When working with data structures and algorithms (DSA), one of the tasks you might encounter is frequency sorting—organizing elements based on how often they appear in a dataset. This problem can be efficiently solved using a priority queue (also known as a heap), which allows for dynamic ordering of elements.

Understanding Frequency Sort

Frequency sort involves reordering the elements of an array based on their frequency in descending order. For instance, consider the following array:

[3, 1, 2, 2, 4, 3, 3, 1]

In this array, the element 3 appears three times, 2 appears two times, and 1 appears twice as well. A frequency sorted output for this array would be:

[3, 3, 3, 2, 2, 1, 1, 4]

Elements with the same frequency are sorted in their order of first appearance.

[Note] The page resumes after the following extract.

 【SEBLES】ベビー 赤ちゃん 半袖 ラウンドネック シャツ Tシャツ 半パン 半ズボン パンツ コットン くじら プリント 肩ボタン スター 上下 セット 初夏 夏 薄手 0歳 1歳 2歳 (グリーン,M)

In this case, 4 is ignored in frequency sort since it only appears once and isn't relevant to the higher-frequency grouping.

Priority Queue Basics

A priority queue is a data structure that provides a way to manage a set of elements efficiently, ordering them based on their "priority." In the context of frequency sort, the priority is defined by how often each element occurs. Java has a built-in PriorityQueue class which we can utilize to achieve our goal seamlessly.

Step-by-Step Approach

Let’s break down the approach to implement frequency sort using a priority queue:

1. Count Frequencies: Use a hashmap (or a similar structure) to count how many times each element appears in the array.

2. Store in a Priority Queue: Insert these frequency counts into a priority queue. We can structure our queue to prioritize higher frequencies.

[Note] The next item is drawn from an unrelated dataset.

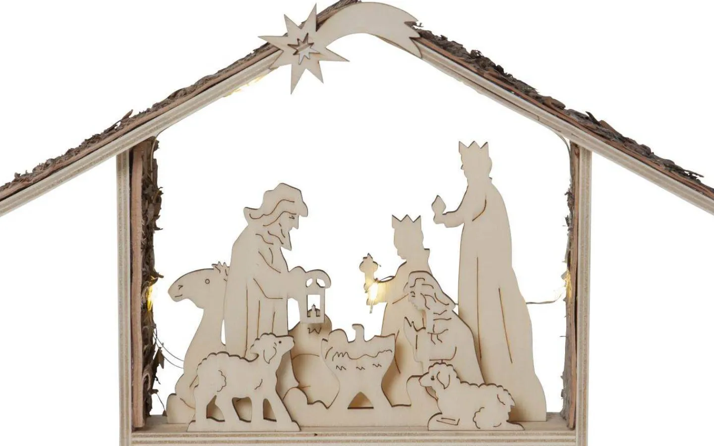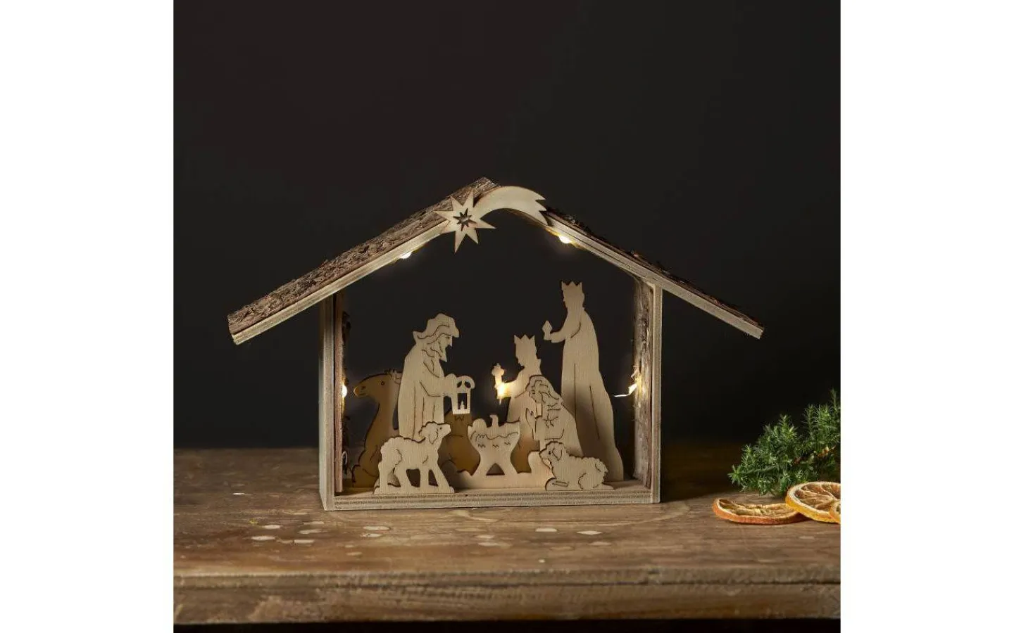 Laserskuren julkrubba i trä från välkända Star Trading är en detaljrik och stämningsfull krubba som lyser i härlig varmvit ljussken. Krubban är omålad vilket gör den naturligt vacker. Perfekt att dekorera med till advent och jul! Placera krubban en hylla eller på ett bord för att få den perfekta julkänslan.

3. Build the Result: Finally, we extract elements from the priority queue and populate the result list based on their frequencies.

Java Implementation

Here’s a clear example to illustrate the entire process:

import java.util.*;

public class FrequencySort {
    public static List<Integer> frequencySort(int[] nums) {
        // Step 1: Count frequencies
        Map<Integer, Integer> frequencyMap = new HashMap<>();
        for (int num : nums) {
            frequencyMap.put(num, frequencyMap.getOrDefault(num, 0) + 1);
        }

        // Step 2: Create a priority queue to sort by frequency
        PriorityQueue<Map.Entry<Integer, Integer>> pq = new PriorityQueue<>(
            (a, b) -> b.getValue().compareTo(a.getValue())
        );

        // Add all entries from frequency map to the priority queue
        pq.addAll(frequencyMap.entrySet());

        // Step 3: Build result based on frequency
        List<Integer> result = new ArrayList<>();
        while (!pq.isEmpty()) {
            Map.Entry<Integer, Integer> entry = pq.poll();
            int num = entry.getKey();
            int freq = entry.getValue();
            for (int i = 0; i < freq; i++) {
                result.add(num); // Add 'num' freq number of times
            }
        }
        
        return result;
    }

    public static void main(String[] args) {
        int[] nums = {3, 1, 2, 2, 4, 3, 3, 1};
        List<Integer> sortedList = frequencySort(nums);
        System.out.println(sortedList);
    }
}

Explanation of the Code

• Counting Frequencies: We utilize a HashMap to store elements and their corresponding frequencies. The getOrDefault method assists in simplifying the counting process.

• Constructing the Priority Queue: We create a priority queue where we define our custom comparator. The comparator orders the queue based on the value of the frequency in descending order.

• Building the Result: By using a while loop, we poll the highest frequency element from the priority queue and add it to our result list the number of times it appears.

Example Output

When the above code is executed, it processes the input array and outputs:

[3, 3, 3, 2, 2, 1, 1, 4]

Complexities

• Time Complexity: The overall time complexity for this approach is O(n log n) due to the operations in the priority queue. Counting frequencies takes O(n) and adding elements to the queue takes O(log k) for each of the k distinct elements.

• Space Complexity: The space complexity is O(n) for storing the frequency map and the priority queue.

The combination of frequency counting and heap-based sorting makes this method efficient and optimal for handling frequency-based sorting. It’s not just a practical solution, but understanding it strengthens your grasp on key data structures, which is vital for interviews and real-world applications.